The laboratories of Scripps Research Institute in La Jolla. Photo credit: Scripps
The laboratories of Scripps Research Institute in La Jolla. Photo credit: Scripps

The Scripps Research Institute in La Jolla Tuesday announced successful preclinical testing of a vaccine that prevents fentanyl, a synthetic opioid that some drug dealers use as a mix-in or substitute for heroin, from reaching the brain.

The vaccine, which harnesses the body’s immune system, showed that it can curb addiction and prevent fatal overdoses, according to TSRI.

“We want to stay one step ahead of these clandestine laboratories making illegal opioids for black market demand,” said Kim Janda, a chemistry professor and member of the Skaggs Institute for Chemical Biology at TSRI. “The importance of this new vaccine is that it can block the toxic effects of this drug, a first in the field.”

Fentanyl is a painkiller 50 to 500 times more potent than morphine, according to TSRI.

Over the years — to skirt U.S. Drug Enforcement Administration detection — illicit laboratories have tweaked the drug’s molecular structure, selling variants under names such as “China white” and acetyl fentanyl, the latter of which was responsible for a cluster of deaths recently in Rhode Island and Pennsylvania.

Fentanyl was also at the center of one of San Diego’s most notorious murder cases — in which former county toxicologist Kristin Rossum was convicted of murder and use of a poison for injecting her husband, Gregory de Villers, with the substance in November 2000. Rossum is serving a life prison term with no chance of parole.

With so many variants on the market, users have no way of knowing the strength of the drugs they are using, which can lead to fatal overdoses. The U.S. Centers for Disease Control and Prevention reported a 200 percent increase in overdose deaths involving opioids from 2000 to 2014, citing the availability of fentanyl and fentanyl variants as a major contributor.

While there are treatments — such as naloxone — for opioid overdose or methadone for addiction, Janda said many people still relapse.

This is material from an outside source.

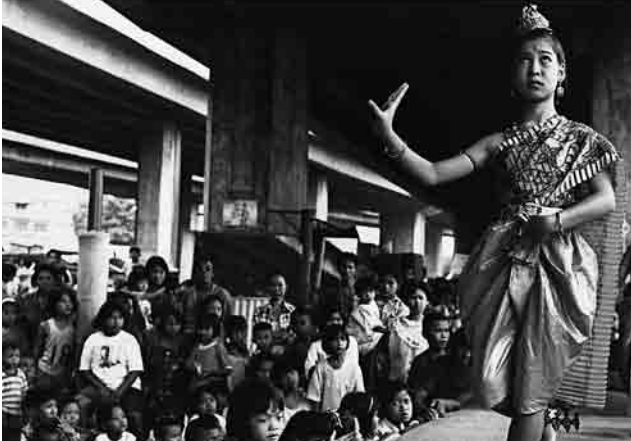
នៅអាស៊ីអាគ្នេយ៍ ប្រពៃណីចាស់ និងទម្លាប់ថ្មីសម័យទំនើប កំពុងប្រជែងគ្នាយ៉ាងរស់រវើក។

សវនាការបាញ់ផ្ដើមដោយឃ្លាមួយ ដែលបន្ថែម នឹងទៅឱ្យសេចក្ដីផ្ដើម ហើយវាបន្តដោយឃ្លាមួយ ទៀតនៅខាងចុងកថាខណ្ឌទីពីរ។ នៅមានជំនួយ សវនាការថែមទៀតនៅខាងចុងកថាខណ្ឌទីបី។ រីឯ កថាខណ្ឌទីបួន និងទីប្រាំ ក៏សុទ្ធតែជាសវនាការដែរ។

“These treatments are working for some people, but there is clearly a gap that needs attention,” Janda said.

The researcher said the vaccine cocktail contains a molecule that mimics fentanyl’s core structure, which trains the immune system to produce antibodies to neutralize it.

When someone tries to get high from fentanyl or its variants, their antibodies bind to the drug and keep it from reaching the brain. In theory, blocking the ability to feel a high could stop drug-seeking and drug-taking behavior, according to the TSRI study results, which appear in today’s edition of the journal Angewandte Chemie.

The research was supported by the National Institutes of Health’s National Institute on Drug Addiction.